According to Lieutenant General Rocky Ricardo Meade, the most significant issues affecting Jamaica are organized criminal gangs, illicit trafficking, and associated violence.
“The organized criminal gangs defending their turf will fight each other for influence […], illicit trafficking, and for the resources and funding from that,” said the Jamaica Defence Force (JDF) chief of Defence Staff in a recent interview with Diálogo. For Lt. Gen. Meade, the long-standing partnership between the island-country and the United States is paramount in the fight against these threats. “We are friends and neighbors, we share the same ideology, values, and we have the same threats — natural and man-made threats: the organized criminals involved in trafficking and anything that they can make a profit from, and there are natural phenomenon that affect us equally. So, we work together so that we can better tackle those threats.”
One important piece to make this partnership even stronger is the exchange of logistics support, supplies, and services between the United States and Jamaica. To help simplify this process — not only with Jamaica, but with several partner nations around the world — and to provide the basic framework for cooperation in military logistics matters, the United States enacted the Acquisition and Cross-Servicing Agreement (ACSA) in the early 1980s. This international agreement does not commit a country to any military action but provides for the exchange of logistics support, supplies, and services on a reimbursable basis.

USNS Comfort in Jamaica
Even though the United States has an ACSA with Jamaica since 2015, it was only after the October 2019 visit of the hospital ship USNS Comfort that both nations used the agreement for the first time. The Comfort was anchored off the coast of Kingston for a six-day medical mission, and its medical crew worked closely with health and government partners in Jamaica to provide care on the ship and at land-based medical sites, helping to relieve pressure on national medical systems.

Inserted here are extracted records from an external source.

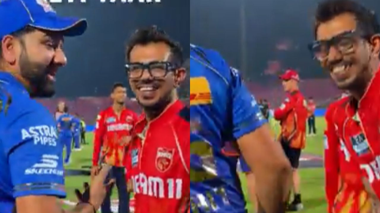 Rohit Sharma: भारत के स्टार क्रिकेटर रोहित शर्मा और युजवेंद्र चहल मस्ती करने में कभी पीछे नहीं रहते. ऐसा ही एक मजेदार पल हाल ही में देखने को मिला जब ये दोनों मैदान पर मस्ती भरी बातचीत करते हुए दिखाई दिए. यह घटना पंजाब किंग्स (PBKS) और मुंबई इंडियंस (MI) के बीच एक मैच के बाद हुई, जिसमें पंजाब ने मुंबई को हराया था.
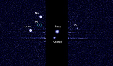 Astronomers using NASA/ESA Hubble Space Telescope have detected a fifth and tiniest moon yet orbiting the icy dwarf planet Pluto. This image, taken by the NASA/ESA Hubble Space Telescope, shows five moons orbiting the distant, icy dwarf planet Pluto. The green circle marks the newly discovered moon, designated S/2012 (134340) 1, or P5, as photographed by Hubble’s Wide Field Camera 3 on 7 July 2012 (NASA / ESA / M. Showalter / SETI Institute) Provisionally...
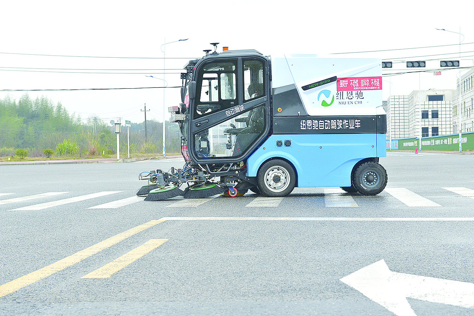 株洲某新能源车辆公司自主研制的自动驾驶环卫车 谢慧 摄
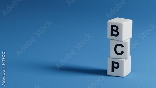 wooden elements with bcp text. Financial, marketing.close up of wooden elements,Business Concept.3D rendering on blue background.
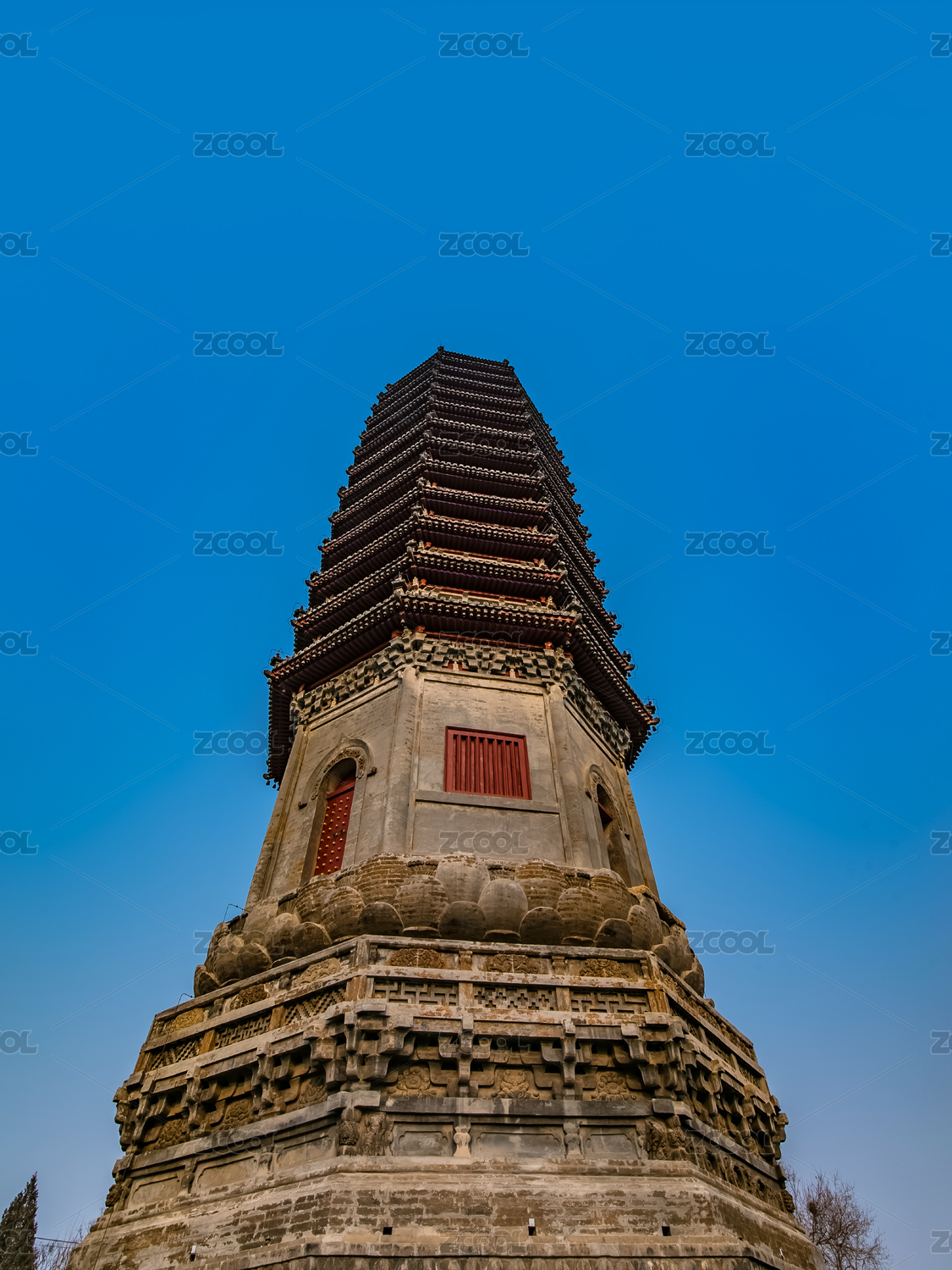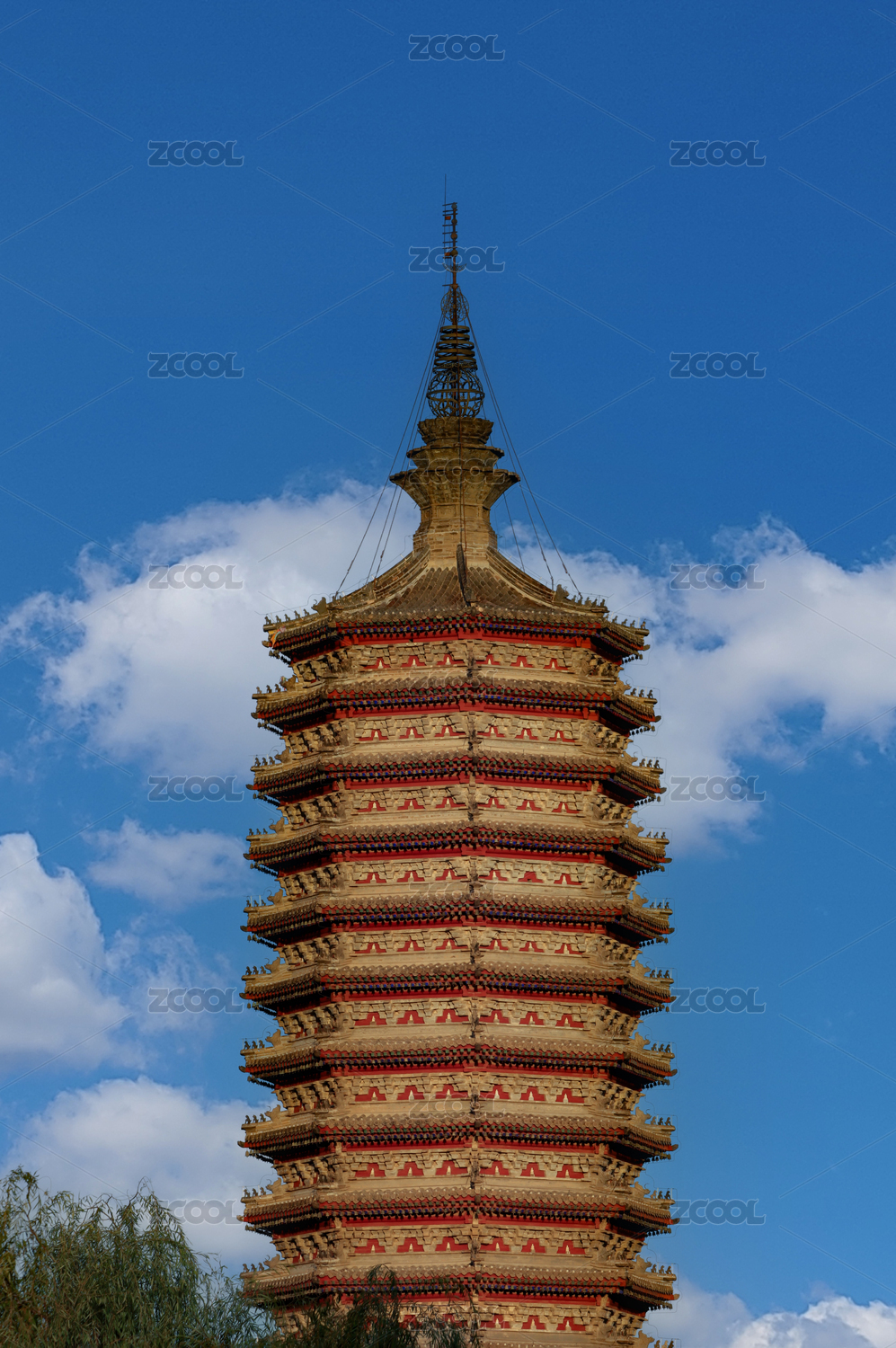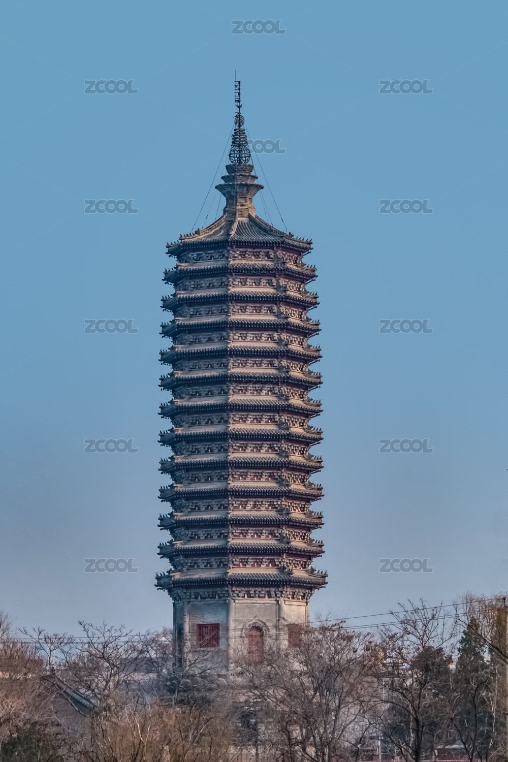 通州三教廟殿宇屋檐與燃燈塔藍天下的構(gòu)圖
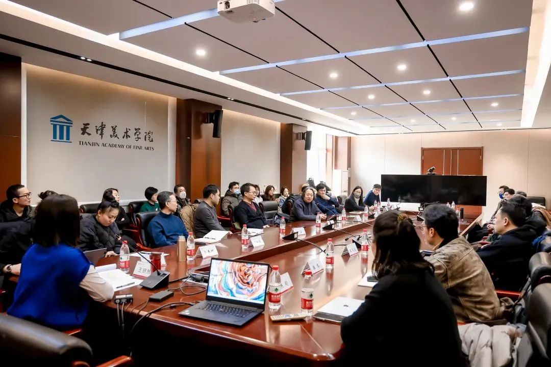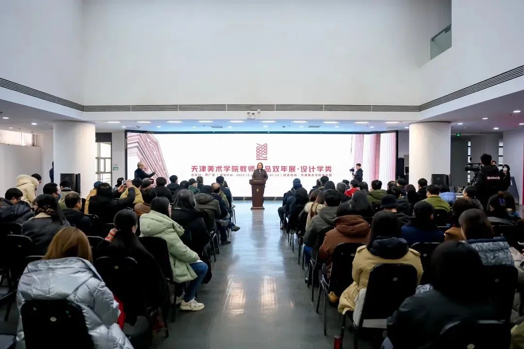 开幕式后,设计学类教师作品双年展学术交流会在天纬路校区南院小会议室召开,天津美术学院院长贾广健在交流会上讲话,30余位领导嘉宾、专家学者和教师代表在交流会上发言。天津美术学院青年教师、数字媒体艺术系副教授王玥然主持。
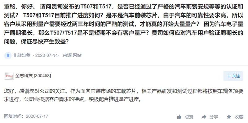全志科技近日在互动易披露,T507和T517作为面向前装市场的车载芯片,相关产品研发和测试过程都将按照车规各项要求进行,公司会根据客户需求的特点,积极配合推进量产进度。
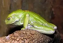 They have shown to be able modulate their body temperature through control of evaporative water loss.[8] As in other species in the family of leaf frogs, it has physiological and behavioral adaptations to limit water loss, reducing it through the skin by lipid secretions and excretion of uric acid (uricotelism), as well as entering diurnal torpor.[9] Lipid secretions are produced in a special type of cutaneous gland which is densely packed along the entire surface of the frogs body. If handled, frogs will use their legs to engage in wiping behavior, possibly as a grooming mechanism or to ensure their bodies are appropriately coated in secretions. The function of these secretions is undecided, varying in literature; a beneficial hydrophobic layer is supported by Blaylock et al, 1976,[9] versus a hygroscopically-induced water film barrier by Toledo and Jared, 1993.[10] Nonetheless, this wiping method of retaining water is so effective that the frog's evaporative water loss is only 5-10% of that of other anurans and comparable to that of lizards.[11] Waxy monkey leaf frogs are nocturnal, and spend most of the day resting on a perch. When perched, the frogs may enter a state of torpor which may help reduce respiratory evaporative water loss.[9]
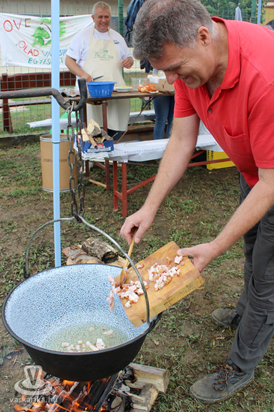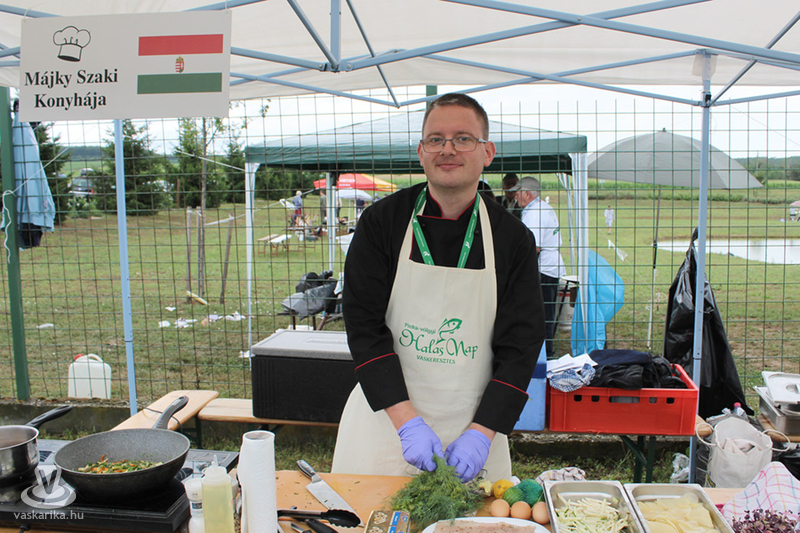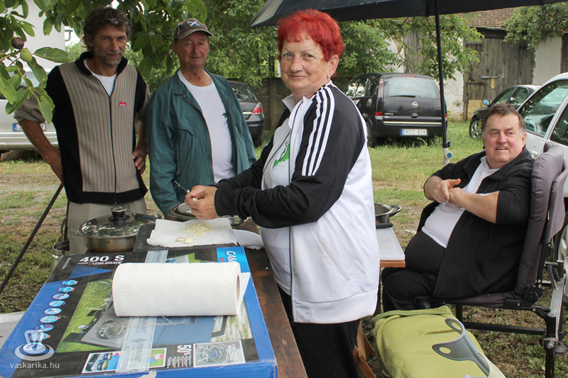 A horgásztó körül ekkor már álltak a bográcsok, folytak az előkészületek, hiszen kezdetét vette a főzőverseny. Idén halászlé, illetve egyéb halétel kategóriában lehetett nevezni. Ahogy jártunk a csapatok közt, és kérdezgettük, ki mit készít, megállapítottuk: mindenki egyedit fog alkotni. Sokan főztek ugyan halászlevet, de mindenkié egy kicsit más volt, mindenki próbálta különlegessé, még finomabbá tenni a saját ételét. A halászlé, és a sült hal mellett olyan érdekességek is készültek, mint az orosz halleves, vagy a halból készült fasírt, kolbász, illetve tepertő. Az egyik csapat frissen kicsomagolt, előző nap vásárolt halfüstölőben készítette a finomságot, ami mindenkinek, még nekik is meglepetés lett, hiszen aznap próbálták ki először.
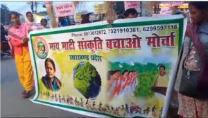 माय माटी संस्कृति बचाओ मोर्चा के द्वारा पुतला दहन एवं विरोध प्रदर्शन
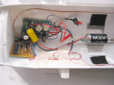 動力モーターはABCホビーの180タイプです アルミ板を使って両面テープで留めてあります スクリュープロペラは模型用の3枚ペラの「小」です スプリングジョイントはPower'sレインボープロダクツ。 |

This had an associated cost for the Jamaican government, which due to a prior agreement, would be reimbursed by U.S. Southern Command (SOUTHCOM). “Jamaica needed some cameras and drones to help fight crime, especially narcotrafficking. The amount we were going to send back to the country for the goods and services they [had] already provided us during the Comfort visit was about the same [as that] of some drones and cameras SOUTHCOM had in excess, so both the U.S. and Jamaica agreed that this would be a win-win situation, and we transferred the equipment to them,” said U.S. Army Major Baron Mason, U.S. Embassy Military Liaison in Jamaica.
The beneficiary of the equipment transfer was the JDF, which put the cameras and drones to use almost immediately. “The drones transferred from SOUTHCOM to the JDF have already proven their immense value to us. We have used them for tactical support to our troops on operations as well as for mid-level, aerial surveillance of target locations. Even now, as we grapple with this coronavirus threat here in Jamaica, the drones have been deployed to quarantined areas to help us monitor and enforce the quarantine boundary lines. They have truly been a force multiplier as we take on our ever-expanding duties and roles,” said Colonel Mahatma Williams who, among other duties, is responsible for public relations and communications for the JDF.
According to the U.S. Department of Defense, as of February 2020, the United States has ACSAs with 120 countries.